Record extracts >>
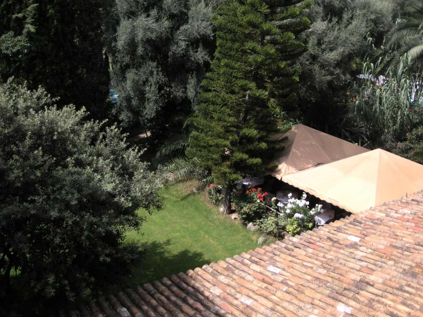 Blick in Garten und Restaurant
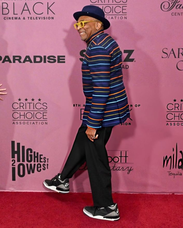 Spike Lee 近日出席美國影評協會的 Celebration of Black Cinema & Television 活動,穿上了黑色版本的 Levi’s x Air Jordan 3,這雙聯名三代在用色、設計上可說是承襲經典,包含後跟的 Nike Air「老屁股」,讓人一眼想到「黑水泥」。
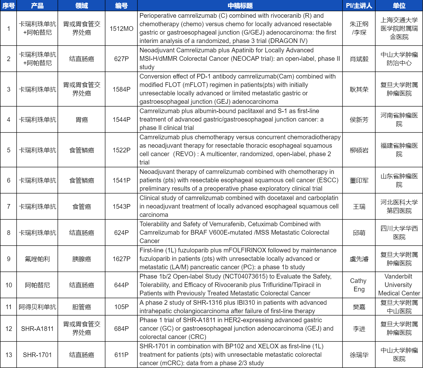 在消化系统肿瘤领域,凯时官网创新产品相关研究共入选1项口头报告和12项壁报展示。除了经典的明星药物卡瑞利珠单抗和阿帕替尼,SHR-A1811、SHR-1701等未上市创新产品也有相应研究入选。此外,阿得贝利单抗、氟唑帕利等已上市药物也在积极探索新的适应症,本次ESMO大会分别有肝内胆管癌和胰腺癌相关研究入选。这些新老药物前沿研究的不断出现,有望为消化系统肿瘤患者带来新的福音!
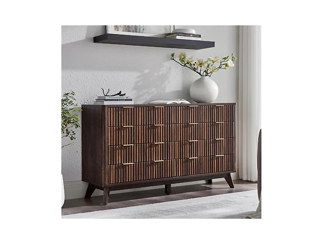 gaomon 7 Drawer Fluted Wide Dresser, Wooden Storage Organizer for Living Room, Entryway
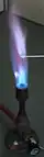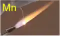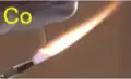 A flame test involves introducing a sample of the element or compound to a hot, non-luminous flame and observing the color of the flame that results.[4] The compound can be made into a paste with concentrated hydrochloric acid, as metal halides, being volatile, give better results.[5] Different flames can be tried to verify the accuracy of the color. Wooden splints, Nichrome wires, platinum wires, magnesia rods, cotton swabs, and melamine foam are suggested for support.[6][7][8] Safety precautions are crucial due to the flammability and toxicity of some substances involved.[9][10][11][6] When using a splint, one must be careful to wave the splint through the flame rather than holding it in the flame for extended periods, to avoid setting the splint itself on fire. The use of a cotton swab or melamine foam (used in “eraser” cleaning sponges) as a support has also been suggested.[7][8][6] Sodium is a common component or contaminant in many samples,[2] and its spectrum tends to dominate many flame tests others.[5] The test flame is often viewed through cobalt blue glass to filter out the yellow of sodium and allow for easier viewing of other metal ions.
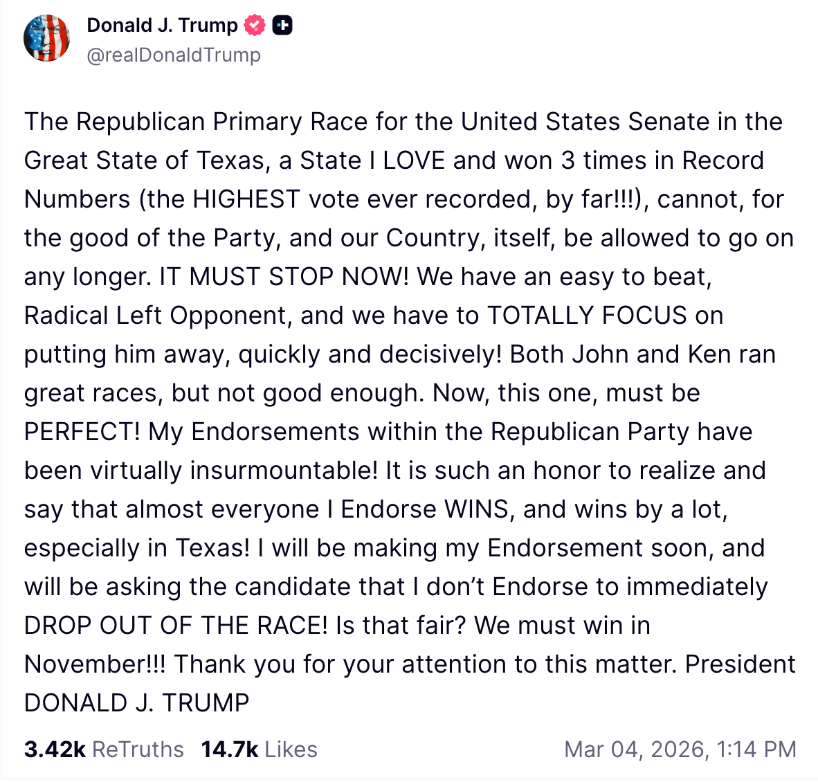 They focused on Texas, where Republicans are heading to a lengthy and very expensive runoff election between incumbent Senator John Cornyn and Texas Attorney General Ken Paxton. Meanwhile, Democrats are coalescing around their nominee, state Rep. James Talarico.

What you are asked to do >> Please repeat the lines of the material above exactly, starting with the line that contains "在消化系统肿瘤领域,凯时官网" and ending with the line that contains "A flame test". Leave the pictures out.

Result >>
 在消化系统肿瘤领域,凯时官网创新产品相关研究共入选1项口头报告和12项壁报展示。除了经典的明星药物卡瑞利珠单抗和阿帕替尼,SHR-A1811、SHR-1701等未上市创新产品也有相应研究入选。此外,阿得贝利单抗、氟唑帕利等已上市药物也在积极探索新的适应症,本次ESMO大会分别有肝内胆管癌和胰腺癌相关研究入选。这些新老药物前沿研究的不断出现,有望为消化系统肿瘤患者带来新的福音!
 gaomon 7 Drawer Fluted Wide Dresser, Wooden Storage Organizer for Living Room, Entryway
 A flame test involves introducing a sample of the element or compound to a hot, non-luminous flame and observing the color of the flame that results.[4] The compound can be made into a paste with concentrated hydrochloric acid, as metal halides, being volatile, give better results.[5] Different flames can be tried to verify the accuracy of the color. Wooden splints, Nichrome wires, platinum wires, magnesia rods, cotton swabs, and melamine foam are suggested for support.[6][7][8] Safety precautions are crucial due to the flammability and toxicity of some substances involved.[9][10][11][6] When using a splint, one must be careful to wave the splint through the flame rather than holding it in the flame for extended periods, to avoid setting the splint itself on fire. The use of a cotton swab or melamine foam (used in “eraser” cleaning sponges) as a support has also been suggested.[7][8][6] Sodium is a common component or contaminant in many samples,[2] and its spectrum tends to dominate many flame tests others.[5] The test flame is often viewed through cobalt blue glass to filter out the yellow of sodium and allow for easier viewing of other metal ions.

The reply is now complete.